DNA extraction, PCR amplification, and illumina sequencing

Total genomic DNA was extracted from 0.5 g soil using the E.Z.N.A. Soil DNA Kit (Omega, Carlsbad, CA, USA), according to the manufacturer's instructions.[19] The primer pair[20] 515F (5′-GTGCCAGCMGCCGCG-3′) and 907R (5′-CCGTCAATTCMTTTRAGTTT-3′) was used to amplify the V4 regions of the bacterial 16S ribosomal RNA gene. PCR was performed under the following conditions: 94 °C for 3 min, followed by 35 cycles of 94 °C for 45 s, 50 °C for 60 s, and 72 °C for 90 s, with a final extension at 72 °C for 5 min. The resulting PCR products were separated by 2.0% (w/v) agarose gels and purified by a PCR Purification Kit (Axygen Bio, USA). Then, the purified amplicons were pooled in equimolar concentrations and paired-end sequencing was then performed on the Illumina MiSeq PE300 platform. Split sequences for each sample were merged using FLASH.[21] After removing the adaptors and primer sequences, raw bacterial sequences were assembled for each sample according to the unique barcode. The reads were filtered by a QIIME 2.0 quality filter.[22] The sequences retained for each sample, referred to as clean paired sequences, were analyzed following the UPARSE pipeline[23] to identify operational taxonomic units (OTUs) by making an OTU table. Briefly, sequences with a quality score lower than 0.5 or a length shorter than 200 nt were discarded. Then the retained reads for each sample were assigned to OTUs with a threshold of 97% identity level.[24] Finally, the bacterial representative sequences for each OTU were identified for assigning the taxonomic data using the ribosomal database project (RDP) classifier.[25]

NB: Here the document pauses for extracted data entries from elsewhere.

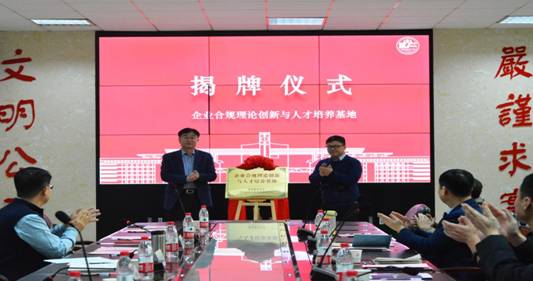范九利与汪磊共同为“企业合规理论创新与人才培养基地”揭牌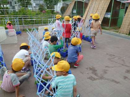 アサガオがどんどん大きくなってきています。「葉っぱの形が最初と違っている!」「葉っぱが増えているね。」と,子どもたちも成長を喜んでいます。今日は,みんなで支柱を立てて,アサガオのつるが巻きつくようにしました。
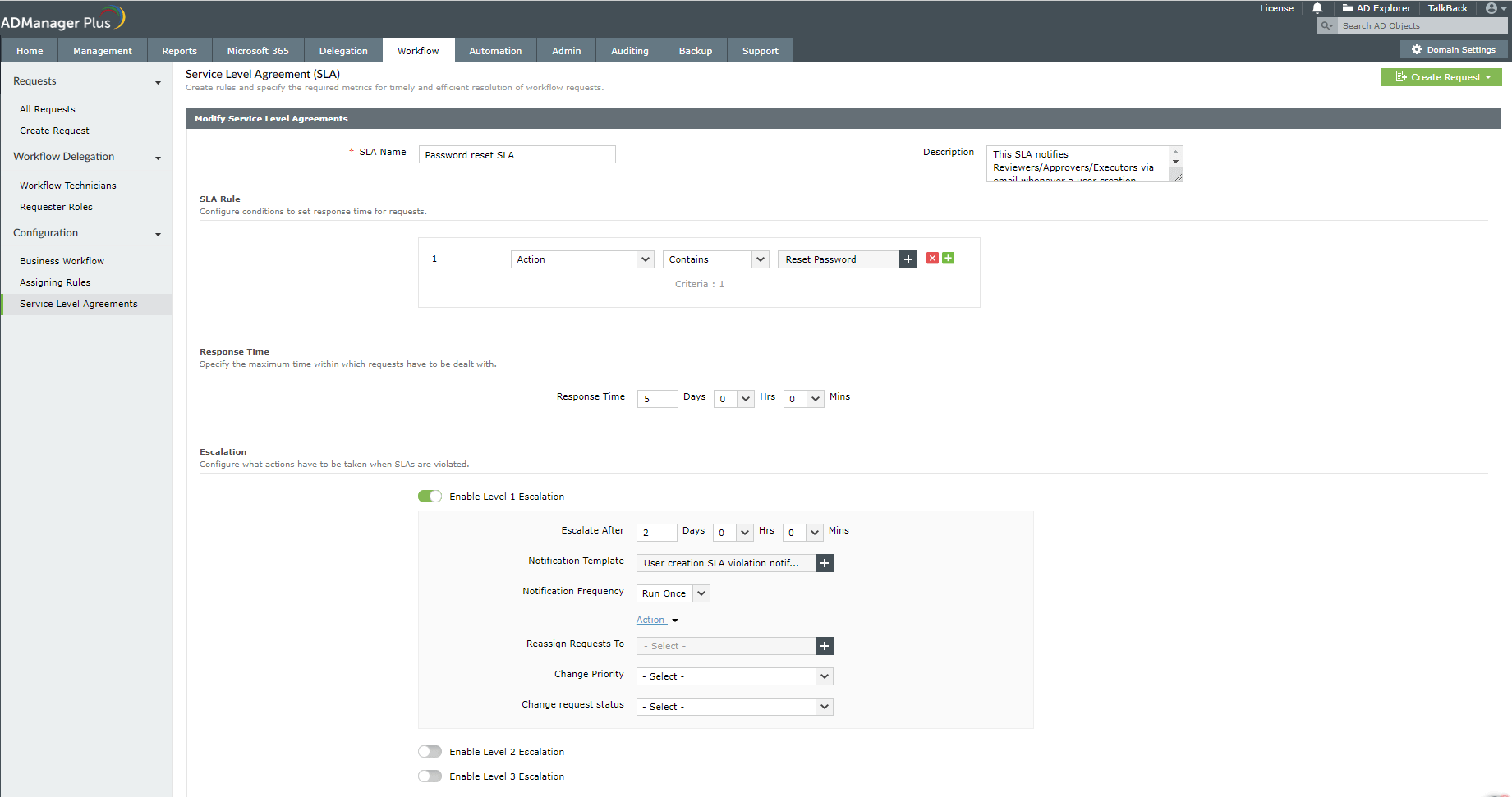 W tym miejscu do gry wchodzą umowy o poziomie usług (SLA) ADManager Plus w ramach przepływów pracy AD.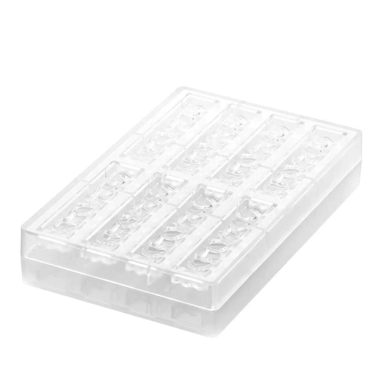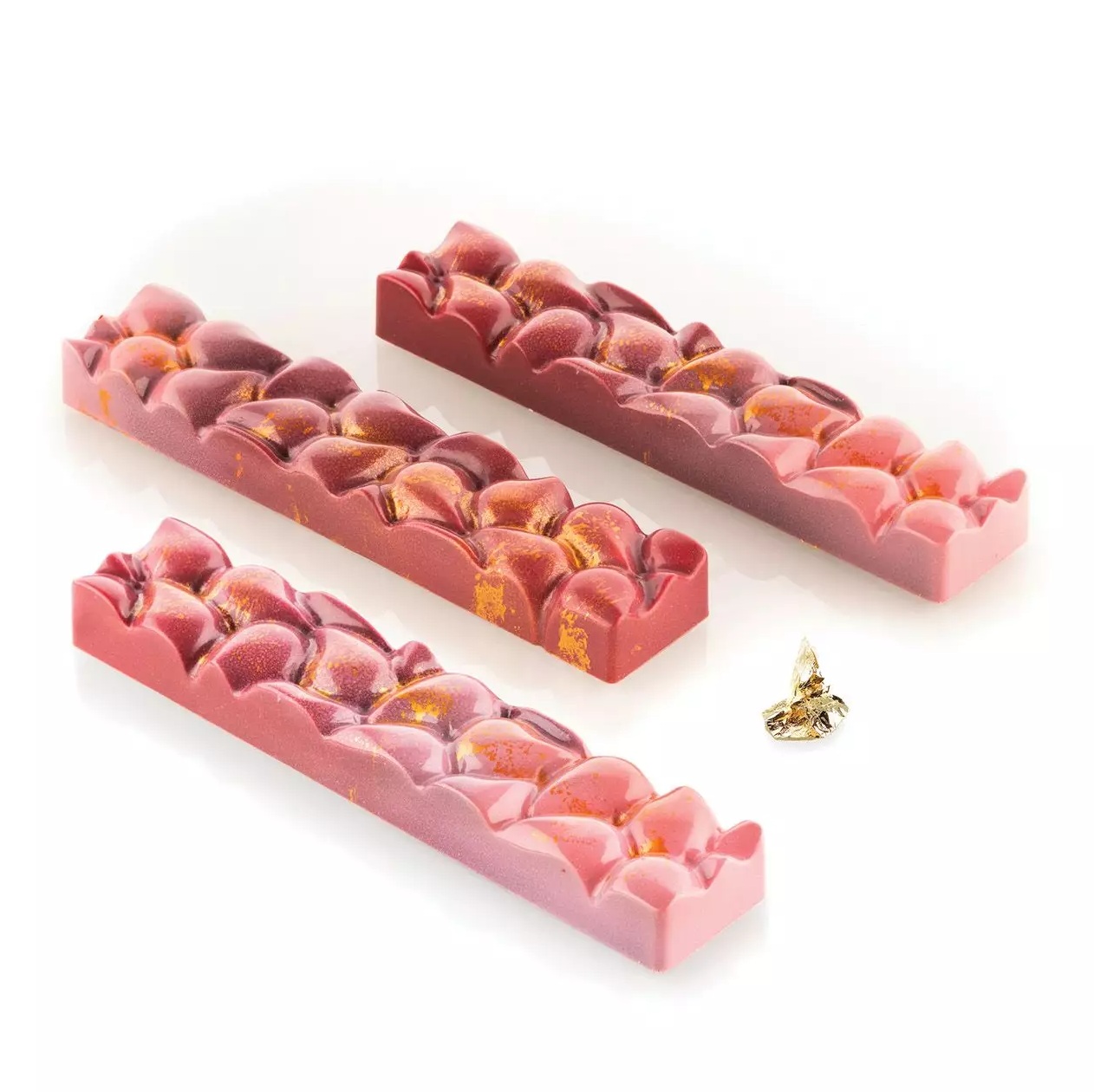 Rzemieślnicze batony czekoladowe, snack bary z nadzieniem, kolekcje degustacyjne, personalizowane upominki premium, limitowane serie smakowe do kawy. To forma do batonów czekoladowych 12 cm, która pozwala tworzyć nowoczesne desery gotowe do zapakowania i ekspozycji.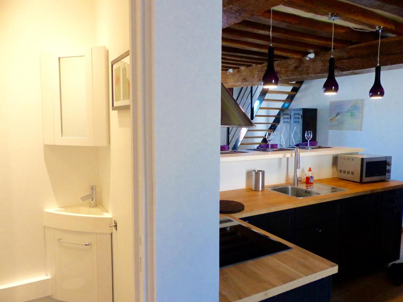 Appartement 1 Chambre. Cet appartement en duplex comprend au niveau inférieur un canapé-lit ainsi qu’une cuisine américaine entièrement équipée incluant un four, une cuisinière et un lave-vaisselle. La chambre et la salle de bains de style atelier se trouvent à l’étage.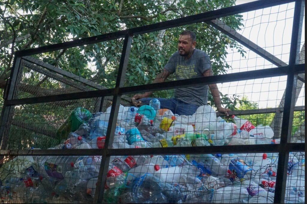 He got his start in 2018, driving a car through the streets of the town, announcing that he was purchasing plastic. “People thought I was crazy to go out collecting plastic,” he says. After making his announcements every day for three months, he succeeded in getting people to begin picking plastic items off the streets and selling them.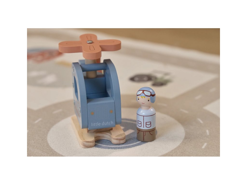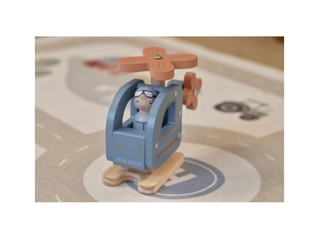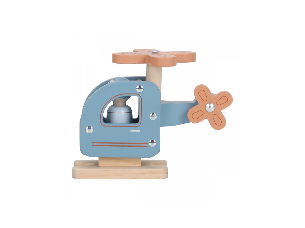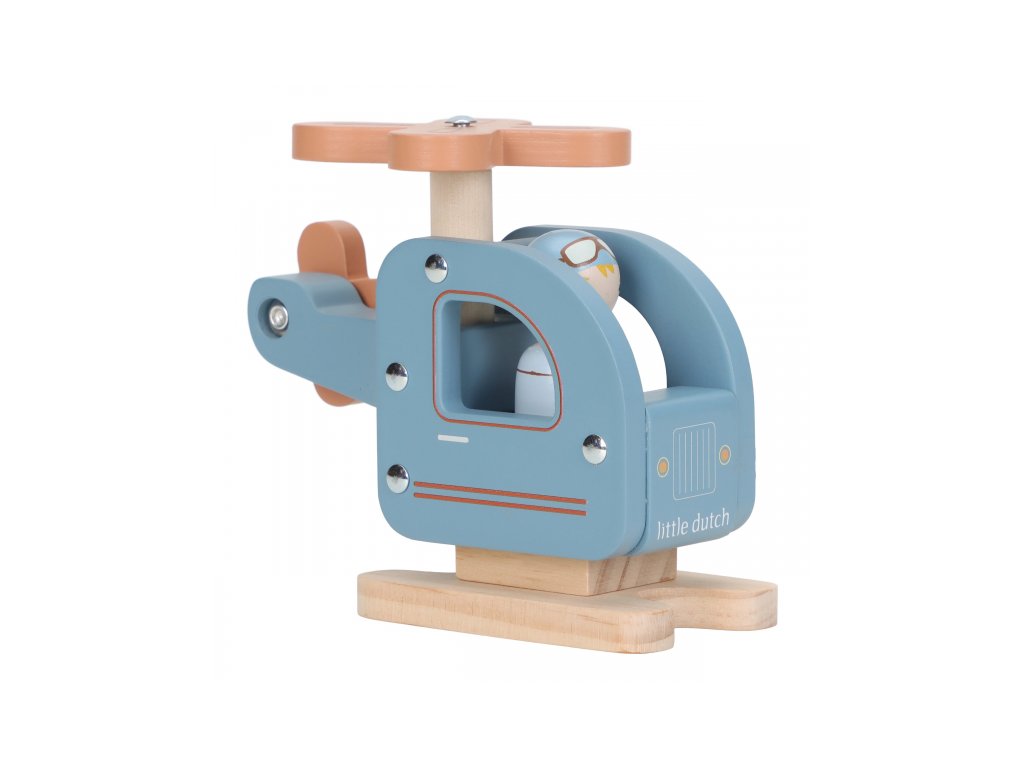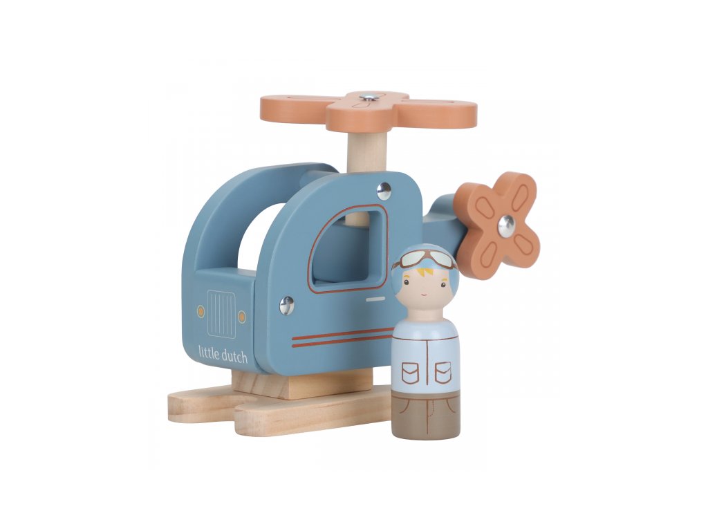 Krásná dřevěná helikoptéra připravená pro malé piloty.

All sequences were deposited in the NCBI Sequence Read Archive database (www.ncbi.nlm.nih.gov/Traces/sra) with the accession number SRP067366.

Bioinformatics analyses

The richness index of the Chao estimator (Chao 1)[26] and abundance-based coverage estimator (ACE)[27] were calculated to estimate the number of OTUs that were observed in the sampling assemblage. The alpha diversity was estimated using Shannon diversity index.[28] Good's nonparametric coverage estimator was used to estimate the percentage of the total species that were sequenced in each sample.[26] To explore variation in bacterial community structures across treatments, nonmetric multidimensional scaling (NMDS) analysis based on Bray–Curtis distance was performed. Pearson's correlation coefficient was used to evaluate the correlation between selected genera (relative abundance >1%) and tomato disease incidence. ANOSIM analysis was used to verify whether the differences between treatments were significantly greater than the differences within treatments to determine whether the grouping was meaningful. To examine the relationship among the soil bacterial genera, samples, and environmental variables, we performed redundancy analysis (RDA) using CANOCO 5.0.[29] For the Mantel tests, Bray–Curtis distance was used to calculate the correlation between the bacterial genera and soil characteristics.

Statistical analyses

Soil physicochemical characteristics, alpha diversity indices, bacterial total abundances, and the taxa (phyla and genus) among treatments were analyzed using one-way analysis of variance (ANOVA) at the end of each bioassay, followed by Duncan's multiple range tests. For all parameters, data were calculated using SPSS Statistics software version 21.0 (SPSS Inc., USA). Differences at P < 0.05 were regarded as statistically significant.

Results

Disease incidence and tomato biomass

The incidence of tomato wilt disease in the YH treatment at 30, 45, and 60 days was 19.4%, 21.7%, and 27.4%, respectively, which was significantly lower than that in the CK treatment, in which disease incidence was 28.8%, 33.4%, and 48.6%, respectively, at the same time periods (Fig. 1). These results indicated that the biocontrol agent YH-07 more effectively controlled the outbreak of wilt disease in tomato plants.

Fig. 1

Effects of different treatments on disease of tomato from three different sampling time YH, application with bacterial suspension of antagonist and spore suspension of pathogen; CK, application with spore suspension of the pathogen. The same below.

Compared with the CK treatment, YH treatment increased shoot height (17.5%), root length (40.0%), shoot dry weight (19.2%), and root dry weight (16.4%) significantly (Table 1). In general, the biocontrol bacterium YH-07 suppressed disease incidence and increased tomato biomass compared to that with no inoculated treatment.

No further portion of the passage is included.